* [Exercise aim]:
When the records are reproduced, each one must match exactly, and no picture may be kept.

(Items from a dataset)
☆ ☆ ☆

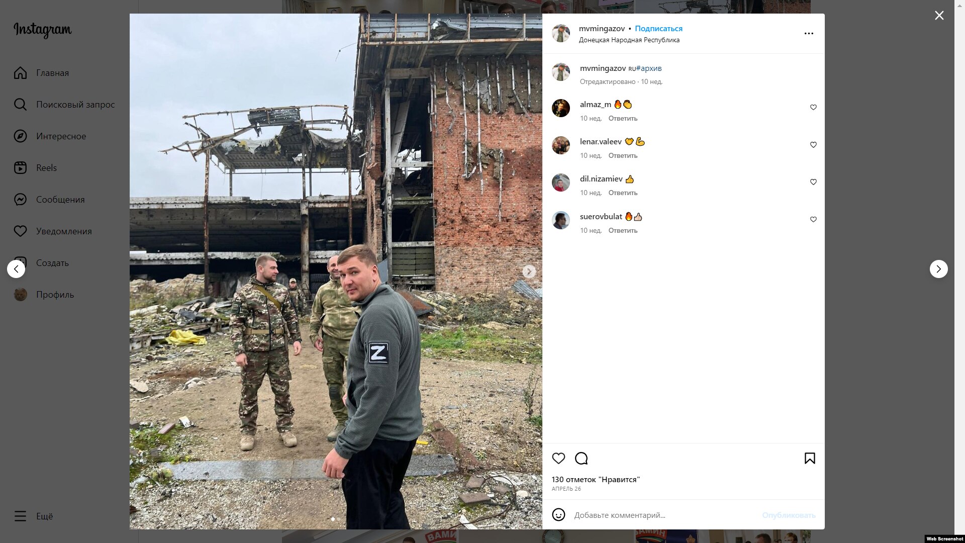 На фото, датированном 26 апреля, в той же соцсети Минтимер Мингазов демонстрирует рукав с нашитым на него шевроном "Z" на фоне разрушенного здания. На публикации стоит геотег "Донецкая Народная Республика".
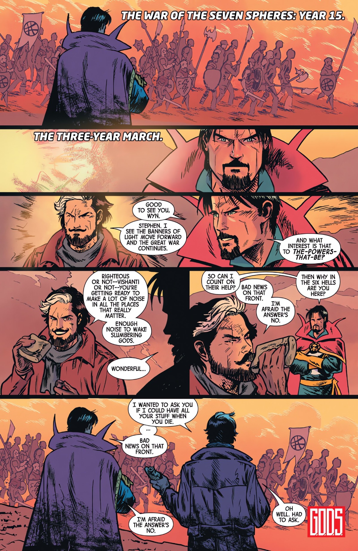 奇異博士這邊,則是當另一個他在回顧自己被迫加入維山帝(Vishanti)的行列,參與那場他打了三千年之久的「The War of the Seven Spheres」時,身為「將軍」的史傳奇遇到了Wyn,而對方特地跑來找他,只是想問他死後能不能把遺產都給自己XD
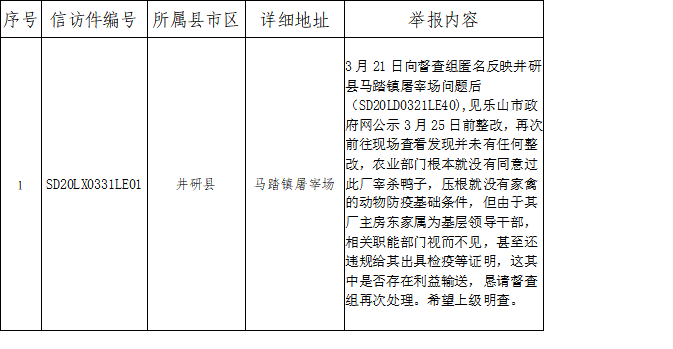 四川省生态环境保护督察群众来电来信举报受理情况公示表
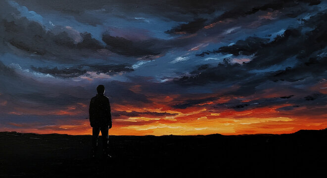 Man standing on top of a mountain and looking at the sunset. A silhouette of a person standing on a mountaintop, gazing towards a vibrant sunrise.
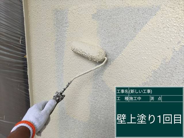 下塗りの乾燥時間を待ってから上塗りをおこなっています。

☆ ☆ ☆

* [Written reply]:
 На фото, датированном 26 апреля, в той же соцсети Минтимер Мингазов демонстрирует рукав с нашитым на него шевроном "Z" на фоне разрушенного здания. На публикации стоит геотег "Донецкая Народная Республика".
 奇異博士這邊,則是當另一個他在回顧自己被迫加入維山帝(Vishanti)的行列,參與那場他打了三千年之久的「The War of the Seven Spheres」時,身為「將軍」的史傳奇遇到了Wyn,而對方特地跑來找他,只是想問他死後能不能把遺產都給自己XD
 四川省生态环境保护督察群众来电来信举报受理情况公示表
 Man standing on top of a mountain and looking at the sunset. A silhouette of a person standing on a mountaintop, gazing towards a vibrant sunrise.
 下塗りの乾燥時間を待ってから上塗りをおこなっています。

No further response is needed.